Problem details = Write the data out again exactly, dropping any images it holds.

Dataset excerpt =
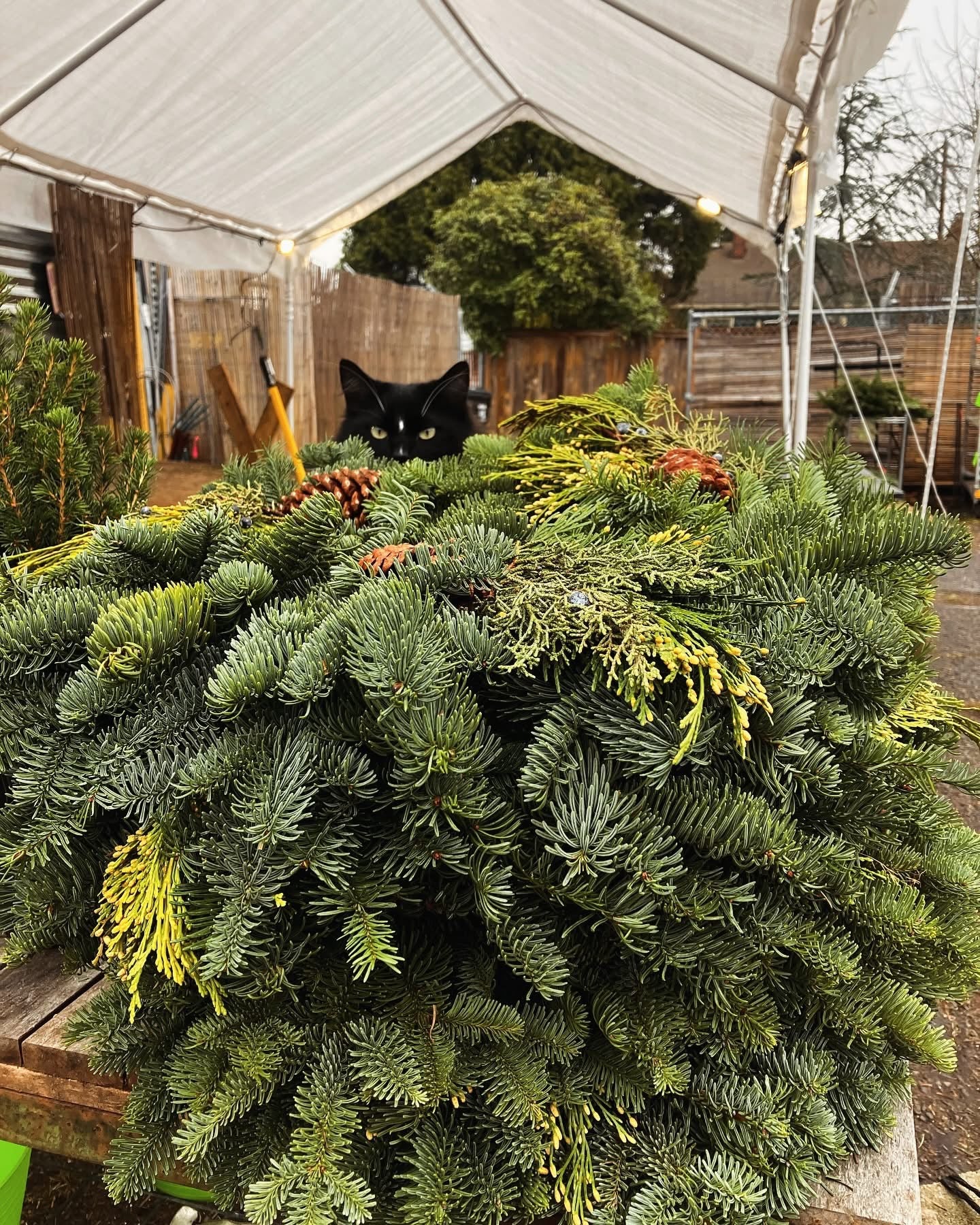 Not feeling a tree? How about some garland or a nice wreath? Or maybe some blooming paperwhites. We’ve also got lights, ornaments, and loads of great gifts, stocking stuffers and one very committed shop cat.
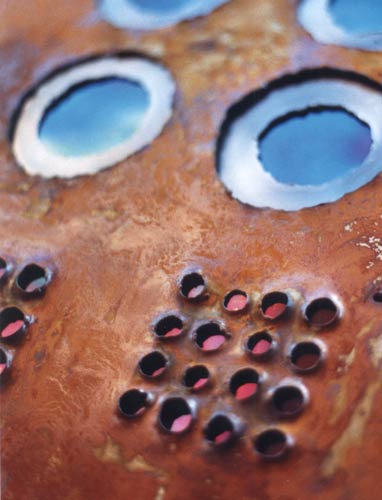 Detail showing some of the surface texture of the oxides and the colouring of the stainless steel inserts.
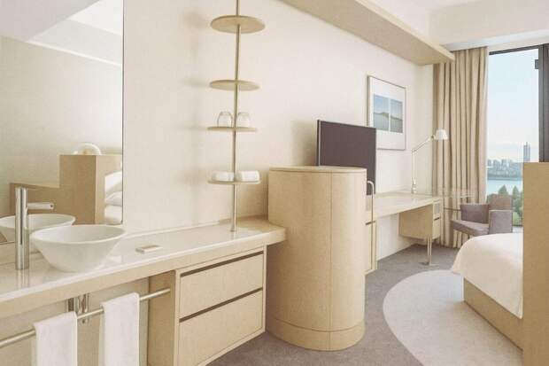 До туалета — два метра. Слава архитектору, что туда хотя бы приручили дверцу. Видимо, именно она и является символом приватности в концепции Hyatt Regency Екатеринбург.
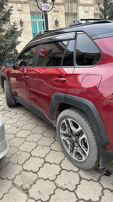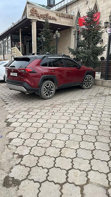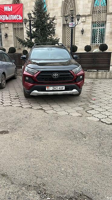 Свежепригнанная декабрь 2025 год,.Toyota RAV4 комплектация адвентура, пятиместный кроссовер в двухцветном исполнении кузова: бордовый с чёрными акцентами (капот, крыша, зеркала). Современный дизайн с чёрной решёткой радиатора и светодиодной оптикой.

Finished exercise =
 Not feeling a tree? How about some garland or a nice wreath? Or maybe some blooming paperwhites. We’ve also got lights, ornaments, and loads of great gifts, stocking stuffers and one very committed shop cat.
 Detail showing some of the surface texture of the oxides and the colouring of the stainless steel inserts.
 До туалета — два метра. Слава архитектору, что туда хотя бы приручили дверцу. Видимо, именно она и является символом приватности в концепции Hyatt Regency Екатеринбург.
 Свежепригнанная декабрь 2025 год,.Toyota RAV4 комплектация адвентура, пятиместный кроссовер в двухцветном исполнении кузова: бордовый с чёрными акцентами (капот, крыша, зеркала). Современный дизайн с чёрной решёткой радиатора и светодиодной оптикой.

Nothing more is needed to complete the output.